Selon les recommandations du comité, Bercy a également prévu de « conserver le caractère généraliste du label, avec une sélectivité renforcée sur les autres critères environnementaux, sociaux et sociétaux, ainsi que de gouvernance. » « En particulier, les sociétés de gestion devront s’assurer de limiter les incidences négatives de leurs investissements, en matière environnementale, sociale ou de gouvernance », précise le ministère, reprenant par ailleurs la préconisation du comité du Label d’adopter obligatoirement l’approche de double matérialité* pour mesurer l’impact des entreprises en matière d’ESG.

Est également confirmé par le cabinet de M. Le Maire le renforcement de la sélectivité des valeurs composant un fonds d'investissement, en passant ce seuil de sélection de 20% actuellement à 30% (en excluant de la sélection du fonds les 30% d’entreprises les moins bien notées en matière d’ESG).

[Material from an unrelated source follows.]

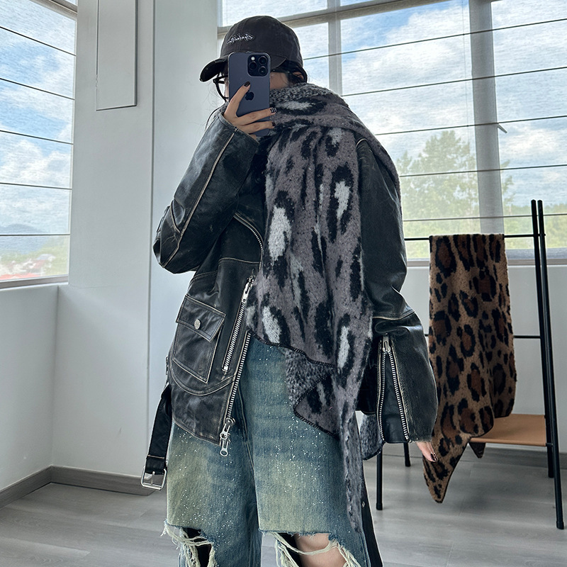 Grey Leopard Luxurious Thick Faux Cashmere Knitted Shawl – Versatile 55 x 210 cm Winter Scarf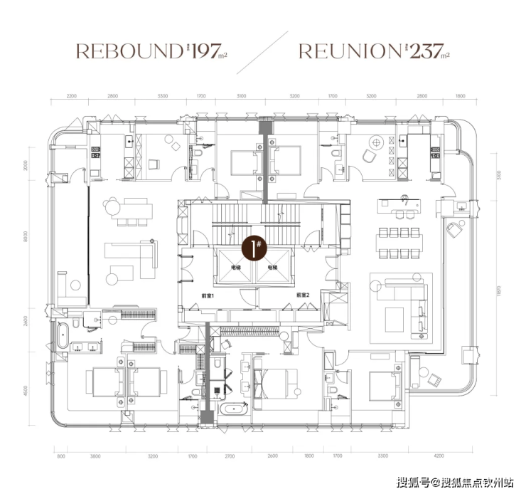 今年首开1栋的小高层住宅,有42套197-237㎡四房大平层。

D'autres ajustements « techniques » doivent encore être étudiés et tranchés ces trois prochaines semaines avant que Bercy ne rende sa copie définitive mais « les décisions les plus politiques sont prises », explique une source au ministère de l'Economie. « Nous allons proposer un label ISR sans ambigüité, sans note de bas de page, pour à la fois restaurer la confiance des épargnants et assortir la labellisation ISR d’une logique d’impact beaucoup plus forte qui serve l’ambition de la France : celle de devenir la première nation décarbonée d’Europe d’ici à la fin du mandat du président de la République. »

Déclassement

L’application de ces exclusions devrait créer un certain remous dans le milieu des sociétés de gestion financières, un fonds labellisé ISR sur cinq environ comptant actuellement des acteurs des énergies fossiles comme TotalEnergies en portefeuille.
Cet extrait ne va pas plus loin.